- _Problem details_: Print the whole listing below exactly as given, pictures excluded.

- _Data below_:
■ ■ ■ ■ ■

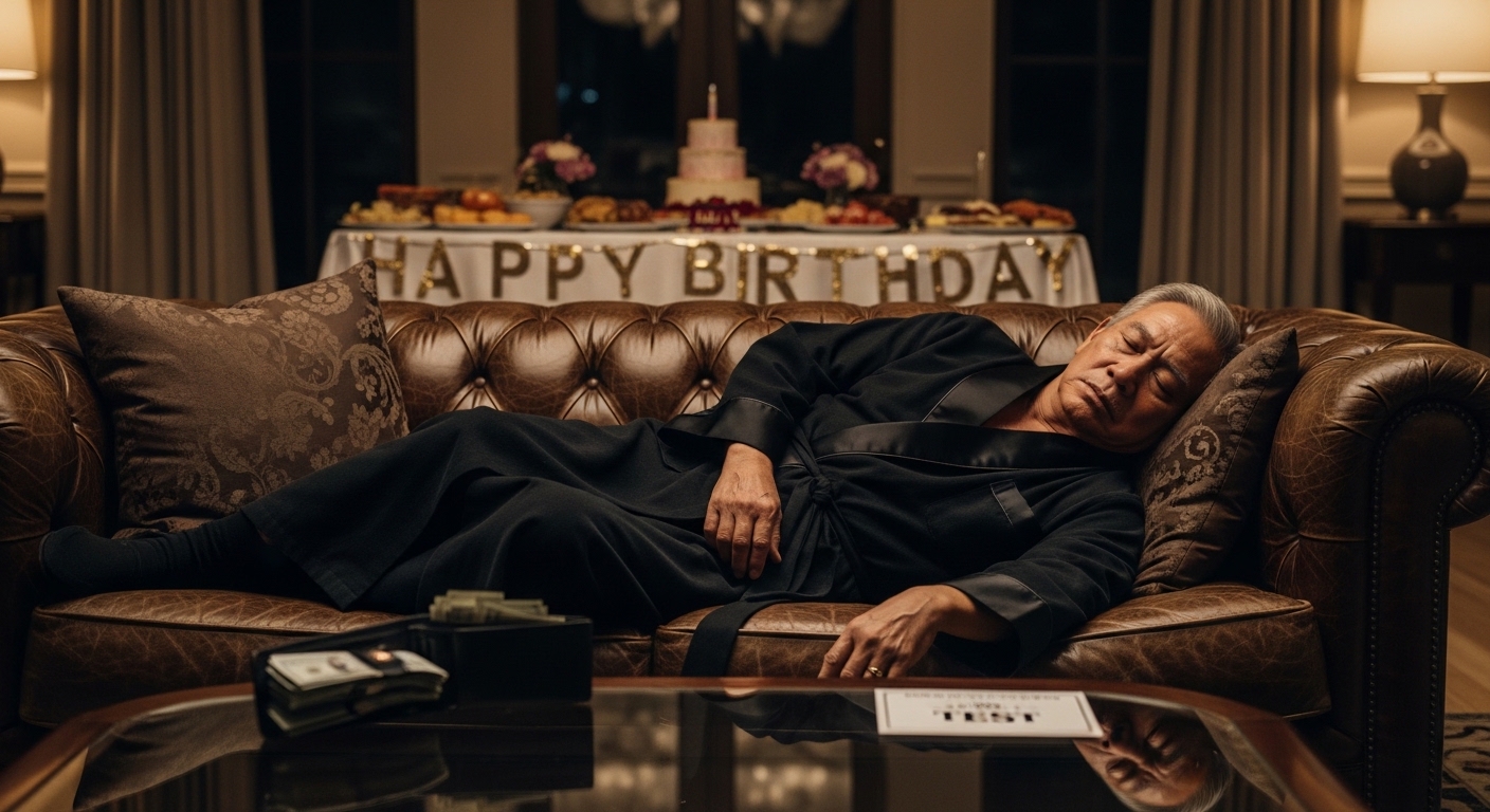 Ngayon ang aking ika-pitumpung kaarawan. Naghanda ako ng isang malaking salu-salo, umaasang darating ang aking tatlong anak na pawang mga matagumpay na rin at may sariling mga negosyo. Ngunit lumipas ang buong maghapon, walang ni isang anak ko ang dumating. Isang malamig na text message lang ang nakuha ko mula sa aking panganay: “Happy Bday Dad. Busy sa opisina. Send na lang ako ng gift.”
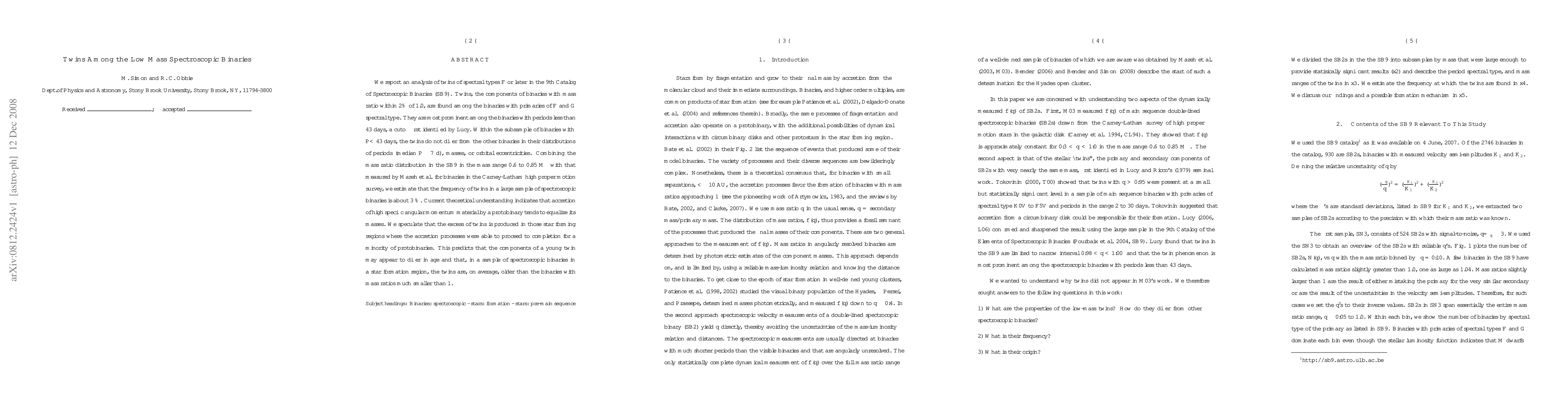 This paper analyzes spectroscopic binaries in the 9th Catalog of Spectroscopic Binaries, identifying twins—binaries with nearly equal masses—among F and G spectral type primaries. The study finds that twins are most prevalent in binaries with periods less than 43 days, and they do not differ significantly in period, mass, or eccentricity distributions compared to other binaries. The estimated frequency of twins in a large sample is about 3%, suggesting that accretion processes in star-forming regions may lead to the formation of these equal-mass binaries.
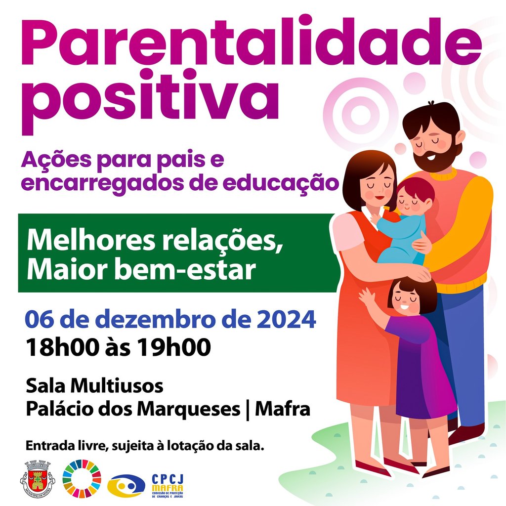No próximo dia 6 de dezembro, às 18h00, o Palácio dos Marqueses (Mafra) recebe mais uma sessão sobre “Parentalidade Positiva”, subordinada ao tema “Melhores relações, maior bem-estar”.
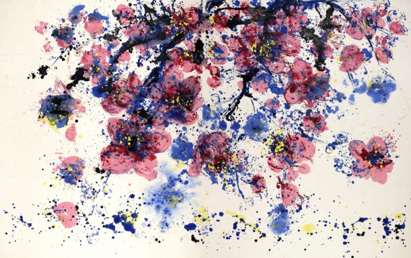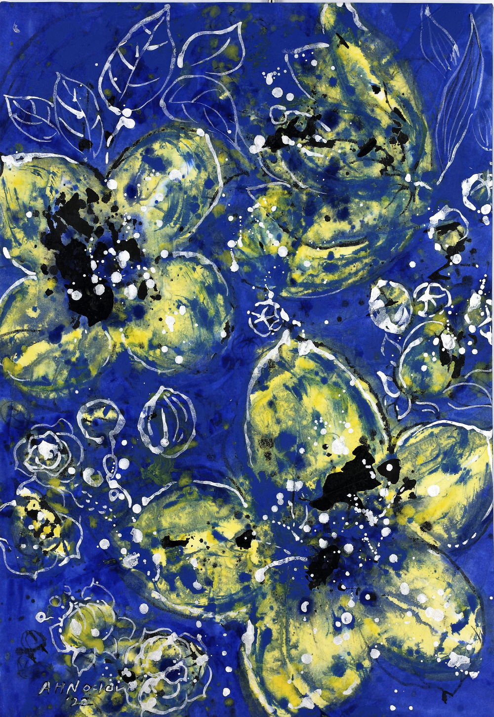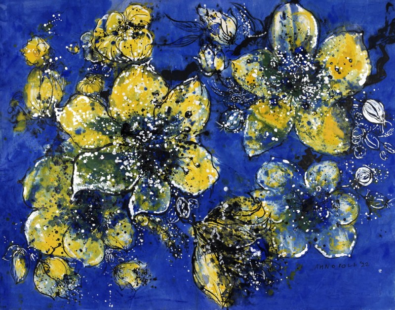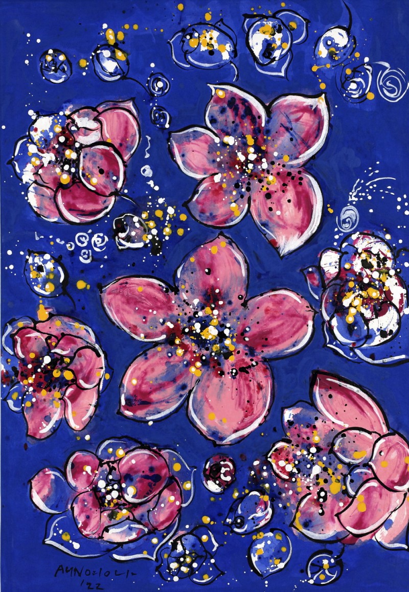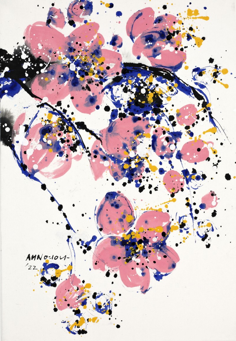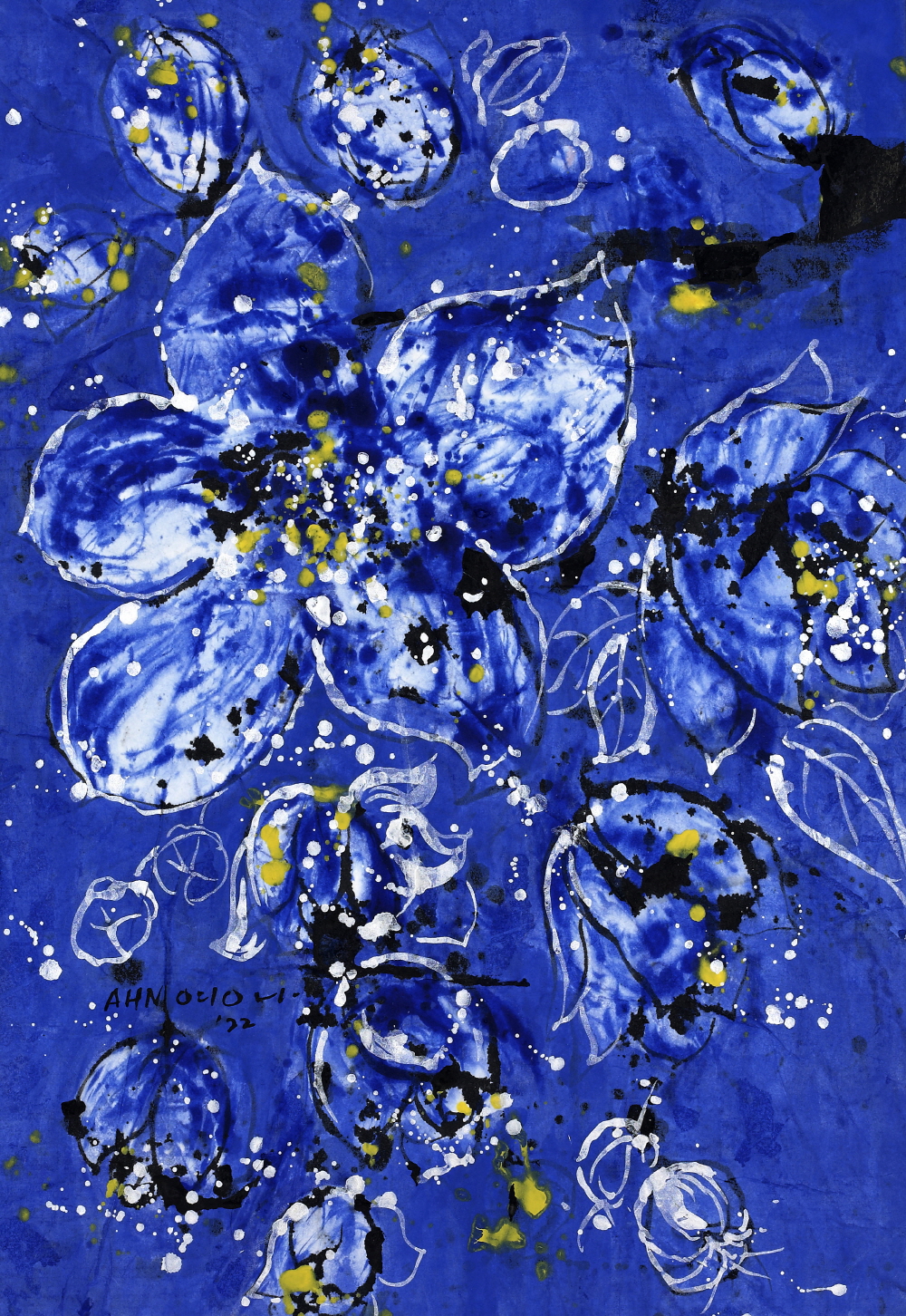 ‘Flower No Flower-꽃의 격려연작에 있어서 파란 꽃 작업은 수묵의 영역으로 해석되고 오방색의 파란색을 함유한 색채 표현의 한국화로 해석되기도 한다. 이 꽃의 표현은 빗자루와 비닐에 먹을 넣어 짜면서 뿌리는 드립핑(Dipping)기법으로 한지의 손맛을 표현하고 있는데 현대와 전통기법의 조화로운 모색이라 할 수 있다. 부연하면, 한국화의 기운생동과 지필묵의 방법론을 재해석한 것이 파란 꽃이다.

■ ■ ■ ■ ■

- _Output for this task_:
 Ngayon ang aking ika-pitumpung kaarawan. Naghanda ako ng isang malaking salu-salo, umaasang darating ang aking tatlong anak na pawang mga matagumpay na rin at may sariling mga negosyo. Ngunit lumipas ang buong maghapon, walang ni isang anak ko ang dumating. Isang malamig na text message lang ang nakuha ko mula sa aking panganay: “Happy Bday Dad. Busy sa opisina. Send na lang ako ng gift.”
 This paper analyzes spectroscopic binaries in the 9th Catalog of Spectroscopic Binaries, identifying twins—binaries with nearly equal masses—among F and G spectral type primaries. The study finds that twins are most prevalent in binaries with periods less than 43 days, and they do not differ significantly in period, mass, or eccentricity distributions compared to other binaries. The estimated frequency of twins in a large sample is about 3%, suggesting that accretion processes in star-forming regions may lead to the formation of these equal-mass binaries.
No próximo dia 6 de dezembro, às 18h00, o Palácio dos Marqueses (Mafra) recebe mais uma sessão sobre “Parentalidade Positiva”, subordinada ao tema “Melhores relações, maior bem-estar”.
 ‘Flower No Flower-꽃의 격려연작에 있어서 파란 꽃 작업은 수묵의 영역으로 해석되고 오방색의 파란색을 함유한 색채 표현의 한국화로 해석되기도 한다. 이 꽃의 표현은 빗자루와 비닐에 먹을 넣어 짜면서 뿌리는 드립핑(Dipping)기법으로 한지의 손맛을 표현하고 있는데 현대와 전통기법의 조화로운 모색이라 할 수 있다. 부연하면, 한국화의 기운생동과 지필묵의 방법론을 재해석한 것이 파란 꽃이다.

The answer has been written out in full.